> [BRIEF] Within the records below, reproduce without change the lines from the line that has "Complement the bed" through the line that has "ステンレス製貫通穴ビーズ、四", and only those.

▬▬▬

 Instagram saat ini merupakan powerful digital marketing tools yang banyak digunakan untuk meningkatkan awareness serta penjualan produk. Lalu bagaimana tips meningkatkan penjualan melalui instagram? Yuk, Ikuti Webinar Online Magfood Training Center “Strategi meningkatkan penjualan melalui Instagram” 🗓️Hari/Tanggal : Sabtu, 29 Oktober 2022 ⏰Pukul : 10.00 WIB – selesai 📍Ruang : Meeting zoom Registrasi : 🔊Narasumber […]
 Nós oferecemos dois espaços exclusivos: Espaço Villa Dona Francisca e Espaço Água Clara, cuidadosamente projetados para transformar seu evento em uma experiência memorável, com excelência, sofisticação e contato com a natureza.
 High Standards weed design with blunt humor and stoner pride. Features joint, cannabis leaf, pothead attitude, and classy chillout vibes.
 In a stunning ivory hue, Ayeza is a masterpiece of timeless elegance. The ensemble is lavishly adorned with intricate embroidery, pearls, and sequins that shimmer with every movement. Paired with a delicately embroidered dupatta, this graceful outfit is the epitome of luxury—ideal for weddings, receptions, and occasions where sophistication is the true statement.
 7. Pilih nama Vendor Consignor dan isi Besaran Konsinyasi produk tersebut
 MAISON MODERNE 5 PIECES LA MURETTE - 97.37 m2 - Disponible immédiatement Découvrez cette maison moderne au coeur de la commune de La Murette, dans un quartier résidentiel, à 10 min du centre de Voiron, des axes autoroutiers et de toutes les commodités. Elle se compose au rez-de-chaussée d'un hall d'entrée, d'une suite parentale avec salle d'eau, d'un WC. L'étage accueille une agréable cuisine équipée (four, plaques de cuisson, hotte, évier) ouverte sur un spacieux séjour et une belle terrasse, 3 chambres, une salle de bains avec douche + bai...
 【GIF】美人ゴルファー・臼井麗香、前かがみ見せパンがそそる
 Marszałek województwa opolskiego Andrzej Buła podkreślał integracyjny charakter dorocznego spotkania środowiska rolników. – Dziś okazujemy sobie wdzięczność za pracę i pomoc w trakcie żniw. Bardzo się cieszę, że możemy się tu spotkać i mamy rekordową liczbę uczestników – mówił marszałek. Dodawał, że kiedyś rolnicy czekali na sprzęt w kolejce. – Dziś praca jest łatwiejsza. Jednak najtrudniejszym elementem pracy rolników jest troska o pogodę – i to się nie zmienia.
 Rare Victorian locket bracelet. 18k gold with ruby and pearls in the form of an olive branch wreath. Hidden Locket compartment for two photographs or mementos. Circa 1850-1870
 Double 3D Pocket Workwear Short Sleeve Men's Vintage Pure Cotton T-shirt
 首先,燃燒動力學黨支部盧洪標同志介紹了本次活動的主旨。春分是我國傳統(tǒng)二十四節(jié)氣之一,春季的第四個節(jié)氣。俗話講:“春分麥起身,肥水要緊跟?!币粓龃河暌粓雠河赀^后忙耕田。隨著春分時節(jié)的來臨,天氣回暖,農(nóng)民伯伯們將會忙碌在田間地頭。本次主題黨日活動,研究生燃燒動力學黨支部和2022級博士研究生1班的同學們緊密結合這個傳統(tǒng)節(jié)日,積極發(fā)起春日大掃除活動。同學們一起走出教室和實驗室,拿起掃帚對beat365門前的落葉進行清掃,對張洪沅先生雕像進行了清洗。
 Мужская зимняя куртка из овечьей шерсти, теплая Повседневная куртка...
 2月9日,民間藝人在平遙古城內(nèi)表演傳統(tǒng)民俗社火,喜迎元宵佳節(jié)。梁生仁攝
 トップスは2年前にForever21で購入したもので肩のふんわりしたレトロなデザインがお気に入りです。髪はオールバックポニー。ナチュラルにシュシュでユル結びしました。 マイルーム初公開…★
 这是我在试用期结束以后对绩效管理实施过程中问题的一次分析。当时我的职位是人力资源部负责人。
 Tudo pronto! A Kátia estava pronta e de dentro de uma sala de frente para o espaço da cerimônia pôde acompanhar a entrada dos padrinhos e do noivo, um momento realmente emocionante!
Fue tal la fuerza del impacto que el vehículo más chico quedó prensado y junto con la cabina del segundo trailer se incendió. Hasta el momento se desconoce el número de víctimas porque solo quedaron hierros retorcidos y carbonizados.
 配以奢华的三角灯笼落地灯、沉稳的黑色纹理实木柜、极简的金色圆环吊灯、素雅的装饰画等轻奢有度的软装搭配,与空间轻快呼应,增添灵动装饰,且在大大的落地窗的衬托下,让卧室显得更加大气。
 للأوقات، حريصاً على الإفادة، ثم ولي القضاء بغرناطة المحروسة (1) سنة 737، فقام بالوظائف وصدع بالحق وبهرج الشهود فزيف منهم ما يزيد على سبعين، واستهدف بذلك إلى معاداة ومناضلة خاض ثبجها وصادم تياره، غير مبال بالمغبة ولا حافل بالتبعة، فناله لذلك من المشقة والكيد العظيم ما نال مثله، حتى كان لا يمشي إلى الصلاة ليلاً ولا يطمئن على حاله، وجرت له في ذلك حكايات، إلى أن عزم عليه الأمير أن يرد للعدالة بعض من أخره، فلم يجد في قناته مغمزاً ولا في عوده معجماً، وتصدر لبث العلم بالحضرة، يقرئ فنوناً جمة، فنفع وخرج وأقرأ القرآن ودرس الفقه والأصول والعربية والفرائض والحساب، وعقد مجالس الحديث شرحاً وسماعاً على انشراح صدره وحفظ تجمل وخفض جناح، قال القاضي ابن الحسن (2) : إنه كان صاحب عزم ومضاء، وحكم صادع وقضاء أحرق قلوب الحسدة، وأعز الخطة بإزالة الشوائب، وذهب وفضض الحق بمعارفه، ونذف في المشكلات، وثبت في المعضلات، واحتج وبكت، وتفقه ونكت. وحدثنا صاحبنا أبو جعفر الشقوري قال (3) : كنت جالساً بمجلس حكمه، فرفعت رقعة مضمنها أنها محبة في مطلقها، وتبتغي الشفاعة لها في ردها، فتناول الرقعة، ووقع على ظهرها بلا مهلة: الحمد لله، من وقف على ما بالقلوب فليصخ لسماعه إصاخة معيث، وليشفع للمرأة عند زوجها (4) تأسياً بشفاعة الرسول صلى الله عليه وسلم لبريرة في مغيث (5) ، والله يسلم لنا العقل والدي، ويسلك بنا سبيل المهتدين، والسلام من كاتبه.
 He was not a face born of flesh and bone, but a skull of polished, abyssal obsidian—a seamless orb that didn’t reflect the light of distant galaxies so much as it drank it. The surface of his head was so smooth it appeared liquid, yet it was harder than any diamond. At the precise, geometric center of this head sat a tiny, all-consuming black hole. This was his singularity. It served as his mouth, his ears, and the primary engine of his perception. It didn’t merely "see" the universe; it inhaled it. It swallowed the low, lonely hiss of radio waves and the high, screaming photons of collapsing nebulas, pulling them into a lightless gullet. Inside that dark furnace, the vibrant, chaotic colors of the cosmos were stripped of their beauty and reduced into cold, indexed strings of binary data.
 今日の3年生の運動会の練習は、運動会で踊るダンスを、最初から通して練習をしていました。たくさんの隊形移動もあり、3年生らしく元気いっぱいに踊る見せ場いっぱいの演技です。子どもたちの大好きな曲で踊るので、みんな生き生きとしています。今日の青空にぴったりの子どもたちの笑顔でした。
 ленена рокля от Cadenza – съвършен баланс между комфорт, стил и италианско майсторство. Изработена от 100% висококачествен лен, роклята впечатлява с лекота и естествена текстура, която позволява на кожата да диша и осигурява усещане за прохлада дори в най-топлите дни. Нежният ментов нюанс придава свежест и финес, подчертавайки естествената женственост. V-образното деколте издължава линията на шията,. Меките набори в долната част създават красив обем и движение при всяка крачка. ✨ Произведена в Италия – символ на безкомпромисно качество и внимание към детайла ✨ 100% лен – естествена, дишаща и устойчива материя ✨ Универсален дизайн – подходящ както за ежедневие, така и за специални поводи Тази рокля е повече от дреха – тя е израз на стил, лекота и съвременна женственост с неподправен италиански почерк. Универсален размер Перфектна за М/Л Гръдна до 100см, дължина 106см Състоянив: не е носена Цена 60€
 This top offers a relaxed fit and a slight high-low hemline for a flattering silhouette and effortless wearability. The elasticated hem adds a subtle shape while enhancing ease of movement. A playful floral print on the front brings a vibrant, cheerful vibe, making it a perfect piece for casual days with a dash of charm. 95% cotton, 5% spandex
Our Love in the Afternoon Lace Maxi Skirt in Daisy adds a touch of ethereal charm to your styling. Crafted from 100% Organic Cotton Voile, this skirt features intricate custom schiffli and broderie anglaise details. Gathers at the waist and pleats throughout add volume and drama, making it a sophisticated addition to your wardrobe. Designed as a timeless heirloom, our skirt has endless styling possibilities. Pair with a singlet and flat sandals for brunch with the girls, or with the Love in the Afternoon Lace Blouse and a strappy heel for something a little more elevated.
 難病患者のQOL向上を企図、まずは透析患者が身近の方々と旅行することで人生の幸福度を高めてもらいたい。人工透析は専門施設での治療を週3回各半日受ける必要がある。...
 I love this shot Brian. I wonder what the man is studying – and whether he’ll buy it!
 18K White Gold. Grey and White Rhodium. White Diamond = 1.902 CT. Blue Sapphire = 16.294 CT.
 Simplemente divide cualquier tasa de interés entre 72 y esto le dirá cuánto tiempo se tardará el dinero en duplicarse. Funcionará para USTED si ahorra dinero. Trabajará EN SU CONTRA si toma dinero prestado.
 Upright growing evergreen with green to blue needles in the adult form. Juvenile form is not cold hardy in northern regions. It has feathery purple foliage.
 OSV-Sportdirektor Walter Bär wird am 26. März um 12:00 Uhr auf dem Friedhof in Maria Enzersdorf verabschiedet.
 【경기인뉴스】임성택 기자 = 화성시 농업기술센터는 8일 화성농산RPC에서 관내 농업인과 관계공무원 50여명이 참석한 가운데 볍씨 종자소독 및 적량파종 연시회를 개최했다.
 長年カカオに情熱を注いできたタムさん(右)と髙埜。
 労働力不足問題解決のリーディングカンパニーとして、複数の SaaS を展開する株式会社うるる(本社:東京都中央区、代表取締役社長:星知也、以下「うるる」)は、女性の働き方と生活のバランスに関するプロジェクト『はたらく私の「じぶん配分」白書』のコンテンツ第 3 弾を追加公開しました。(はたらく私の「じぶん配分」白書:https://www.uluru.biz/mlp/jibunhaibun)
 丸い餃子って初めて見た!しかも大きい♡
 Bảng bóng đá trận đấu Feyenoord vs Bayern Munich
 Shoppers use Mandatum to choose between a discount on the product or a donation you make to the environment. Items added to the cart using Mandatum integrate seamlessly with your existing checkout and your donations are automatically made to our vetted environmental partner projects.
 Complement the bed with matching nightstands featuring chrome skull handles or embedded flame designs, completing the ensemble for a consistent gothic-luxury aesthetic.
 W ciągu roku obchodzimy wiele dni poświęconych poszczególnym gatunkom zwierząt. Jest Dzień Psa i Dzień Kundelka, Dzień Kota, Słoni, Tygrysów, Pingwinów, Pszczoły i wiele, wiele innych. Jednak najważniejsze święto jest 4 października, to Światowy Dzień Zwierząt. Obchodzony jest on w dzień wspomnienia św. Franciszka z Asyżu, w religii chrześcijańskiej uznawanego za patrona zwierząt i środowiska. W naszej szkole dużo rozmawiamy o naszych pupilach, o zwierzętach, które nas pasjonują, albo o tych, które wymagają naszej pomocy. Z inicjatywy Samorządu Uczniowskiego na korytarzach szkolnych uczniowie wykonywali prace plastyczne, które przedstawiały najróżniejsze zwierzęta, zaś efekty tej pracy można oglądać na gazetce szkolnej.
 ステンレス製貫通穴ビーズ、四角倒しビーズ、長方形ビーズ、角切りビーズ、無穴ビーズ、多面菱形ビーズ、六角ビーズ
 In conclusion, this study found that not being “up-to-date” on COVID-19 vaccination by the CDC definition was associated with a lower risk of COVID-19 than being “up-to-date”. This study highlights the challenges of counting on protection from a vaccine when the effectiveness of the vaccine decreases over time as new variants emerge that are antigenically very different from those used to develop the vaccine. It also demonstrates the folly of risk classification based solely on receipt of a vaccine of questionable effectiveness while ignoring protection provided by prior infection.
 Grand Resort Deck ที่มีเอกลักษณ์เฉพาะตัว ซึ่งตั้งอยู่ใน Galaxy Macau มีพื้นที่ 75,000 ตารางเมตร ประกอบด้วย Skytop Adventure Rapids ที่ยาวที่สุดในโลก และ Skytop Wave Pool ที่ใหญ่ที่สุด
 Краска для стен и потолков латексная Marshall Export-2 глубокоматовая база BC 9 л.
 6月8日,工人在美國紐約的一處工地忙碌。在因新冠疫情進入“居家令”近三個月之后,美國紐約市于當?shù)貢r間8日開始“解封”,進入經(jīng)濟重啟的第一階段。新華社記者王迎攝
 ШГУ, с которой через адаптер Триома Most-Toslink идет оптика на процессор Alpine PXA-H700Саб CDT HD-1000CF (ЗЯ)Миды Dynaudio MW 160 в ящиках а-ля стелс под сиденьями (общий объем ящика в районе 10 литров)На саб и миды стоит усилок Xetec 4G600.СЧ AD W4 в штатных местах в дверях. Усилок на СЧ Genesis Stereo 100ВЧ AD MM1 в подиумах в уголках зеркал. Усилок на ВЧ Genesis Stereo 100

▬▬▬

> [EXERCISE OUTPUT]
 Complement the bed with matching nightstands featuring chrome skull handles or embedded flame designs, completing the ensemble for a consistent gothic-luxury aesthetic.
 W ciągu roku obchodzimy wiele dni poświęconych poszczególnym gatunkom zwierząt. Jest Dzień Psa i Dzień Kundelka, Dzień Kota, Słoni, Tygrysów, Pingwinów, Pszczoły i wiele, wiele innych. Jednak najważniejsze święto jest 4 października, to Światowy Dzień Zwierząt. Obchodzony jest on w dzień wspomnienia św. Franciszka z Asyżu, w religii chrześcijańskiej uznawanego za patrona zwierząt i środowiska. W naszej szkole dużo rozmawiamy o naszych pupilach, o zwierzętach, które nas pasjonują, albo o tych, które wymagają naszej pomocy. Z inicjatywy Samorządu Uczniowskiego na korytarzach szkolnych uczniowie wykonywali prace plastyczne, które przedstawiały najróżniejsze zwierzęta, zaś efekty tej pracy można oglądać na gazetce szkolnej.
 ステンレス製貫通穴ビーズ、四角倒しビーズ、長方形ビーズ、角切りビーズ、無穴ビーズ、多面菱形ビーズ、六角ビーズ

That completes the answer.